[[ DATA SHOWN open ]]

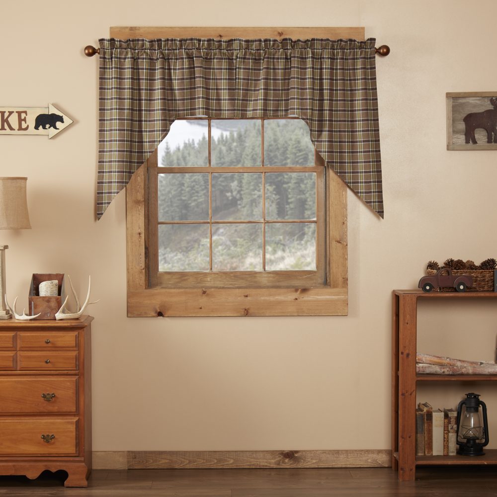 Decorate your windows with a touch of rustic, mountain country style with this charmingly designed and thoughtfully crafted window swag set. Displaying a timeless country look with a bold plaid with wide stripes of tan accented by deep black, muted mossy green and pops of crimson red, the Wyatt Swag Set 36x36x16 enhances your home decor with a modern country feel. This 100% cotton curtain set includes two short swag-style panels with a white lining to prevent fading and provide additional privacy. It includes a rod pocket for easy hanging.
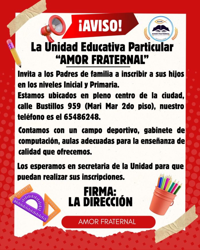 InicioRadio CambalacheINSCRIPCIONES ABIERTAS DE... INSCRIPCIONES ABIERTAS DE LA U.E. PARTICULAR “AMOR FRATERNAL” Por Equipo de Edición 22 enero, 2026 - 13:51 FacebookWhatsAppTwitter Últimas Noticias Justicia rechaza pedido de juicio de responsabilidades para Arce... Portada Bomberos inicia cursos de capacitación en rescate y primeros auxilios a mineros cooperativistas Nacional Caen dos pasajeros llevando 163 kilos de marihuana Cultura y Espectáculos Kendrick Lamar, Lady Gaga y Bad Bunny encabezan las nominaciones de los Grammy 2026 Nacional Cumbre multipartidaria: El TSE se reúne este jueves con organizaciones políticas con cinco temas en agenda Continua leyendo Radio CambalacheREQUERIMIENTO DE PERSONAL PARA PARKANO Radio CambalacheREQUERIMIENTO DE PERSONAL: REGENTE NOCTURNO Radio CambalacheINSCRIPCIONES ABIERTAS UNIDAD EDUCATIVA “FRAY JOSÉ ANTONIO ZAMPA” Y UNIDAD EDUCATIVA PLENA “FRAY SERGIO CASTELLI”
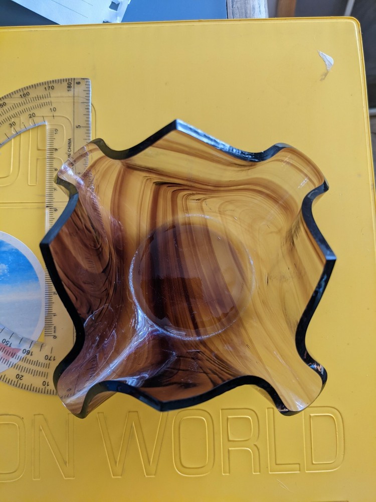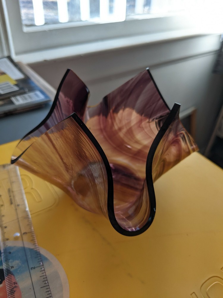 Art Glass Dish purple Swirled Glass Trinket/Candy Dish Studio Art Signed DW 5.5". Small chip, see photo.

[[ DATA SHOWN closed ]]

Excluding pictures, print all lines above exactly.

## ANSWER TO THE PROBLEM
 Decorate your windows with a touch of rustic, mountain country style with this charmingly designed and thoughtfully crafted window swag set. Displaying a timeless country look with a bold plaid with wide stripes of tan accented by deep black, muted mossy green and pops of crimson red, the Wyatt Swag Set 36x36x16 enhances your home decor with a modern country feel. This 100% cotton curtain set includes two short swag-style panels with a white lining to prevent fading and provide additional privacy. It includes a rod pocket for easy hanging.
 InicioRadio CambalacheINSCRIPCIONES ABIERTAS DE... INSCRIPCIONES ABIERTAS DE LA U.E. PARTICULAR “AMOR FRATERNAL” Por Equipo de Edición 22 enero, 2026 - 13:51 FacebookWhatsAppTwitter Últimas Noticias Justicia rechaza pedido de juicio de responsabilidades para Arce... Portada Bomberos inicia cursos de capacitación en rescate y primeros auxilios a mineros cooperativistas Nacional Caen dos pasajeros llevando 163 kilos de marihuana Cultura y Espectáculos Kendrick Lamar, Lady Gaga y Bad Bunny encabezan las nominaciones de los Grammy 2026 Nacional Cumbre multipartidaria: El TSE se reúne este jueves con organizaciones políticas con cinco temas en agenda Continua leyendo Radio CambalacheREQUERIMIENTO DE PERSONAL PARA PARKANO Radio CambalacheREQUERIMIENTO DE PERSONAL: REGENTE NOCTURNO Radio CambalacheINSCRIPCIONES ABIERTAS UNIDAD EDUCATIVA “FRAY JOSÉ ANTONIO ZAMPA” Y UNIDAD EDUCATIVA PLENA “FRAY SERGIO CASTELLI”
 Art Glass Dish purple Swirled Glass Trinket/Candy Dish Studio Art Signed DW 5.5". Small chip, see photo.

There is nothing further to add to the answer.